ABOUT THIS TASK = Retype the listing exactly, minus its pictures.

GIVEN DATA =
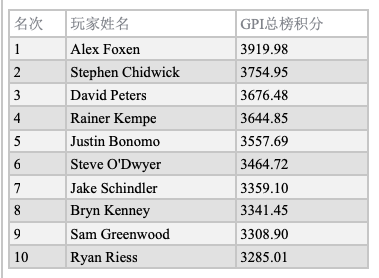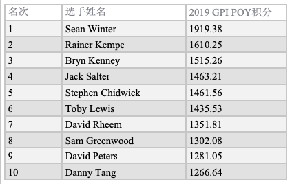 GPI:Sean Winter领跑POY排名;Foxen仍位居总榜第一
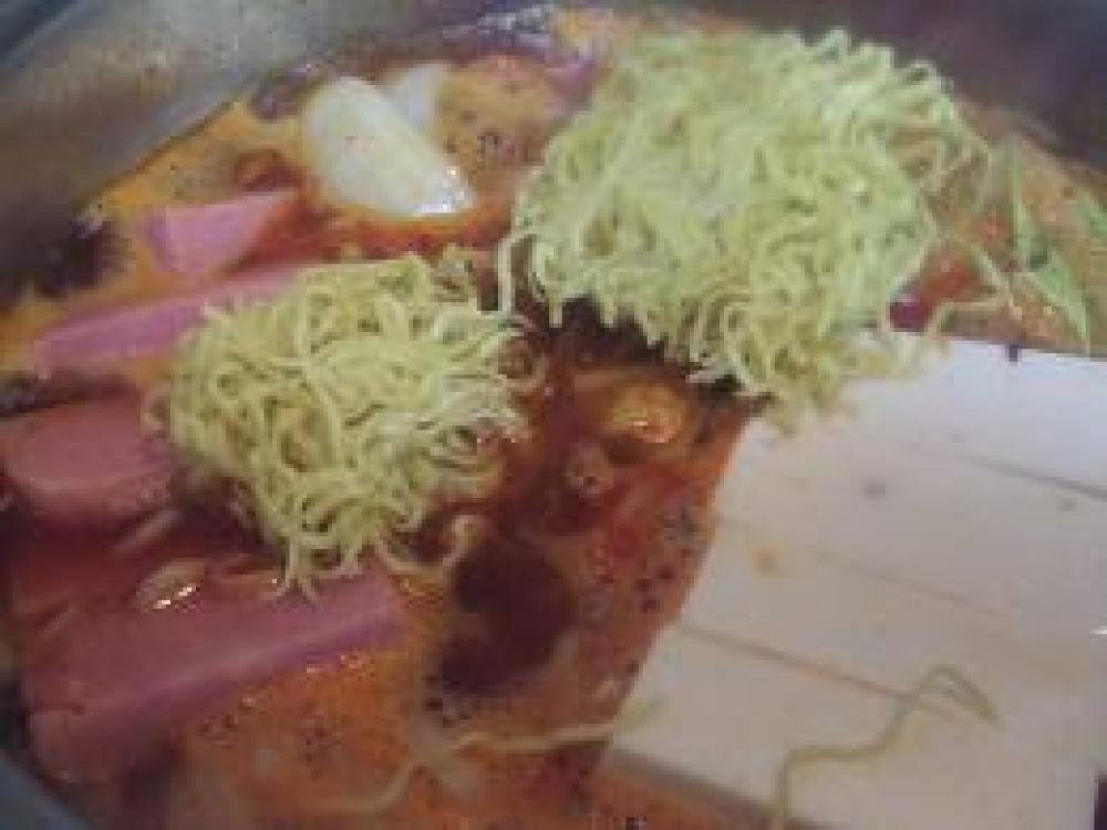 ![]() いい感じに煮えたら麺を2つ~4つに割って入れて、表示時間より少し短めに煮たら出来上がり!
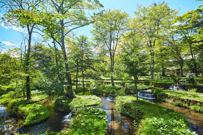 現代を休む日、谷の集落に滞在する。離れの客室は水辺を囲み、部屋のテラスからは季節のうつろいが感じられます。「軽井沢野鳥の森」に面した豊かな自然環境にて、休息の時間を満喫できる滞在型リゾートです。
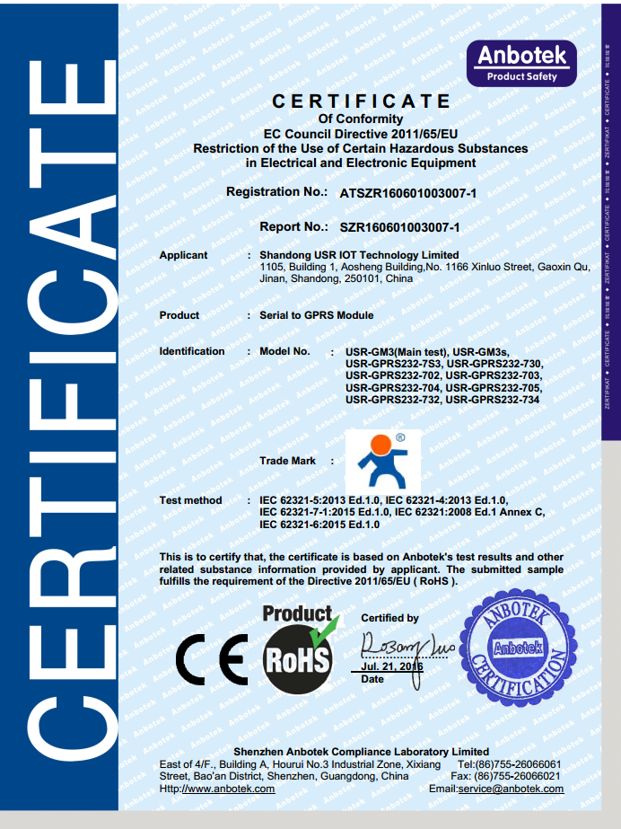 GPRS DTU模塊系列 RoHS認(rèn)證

TASK RESULT =
 GPI:Sean Winter领跑POY排名;Foxen仍位居总榜第一
 ![]() いい感じに煮えたら麺を2つ~4つに割って入れて、表示時間より少し短めに煮たら出来上がり!
 現代を休む日、谷の集落に滞在する。離れの客室は水辺を囲み、部屋のテラスからは季節のうつろいが感じられます。「軽井沢野鳥の森」に面した豊かな自然環境にて、休息の時間を満喫できる滞在型リゾートです。
 GPRS DTU模塊系列 RoHS認(rèn)證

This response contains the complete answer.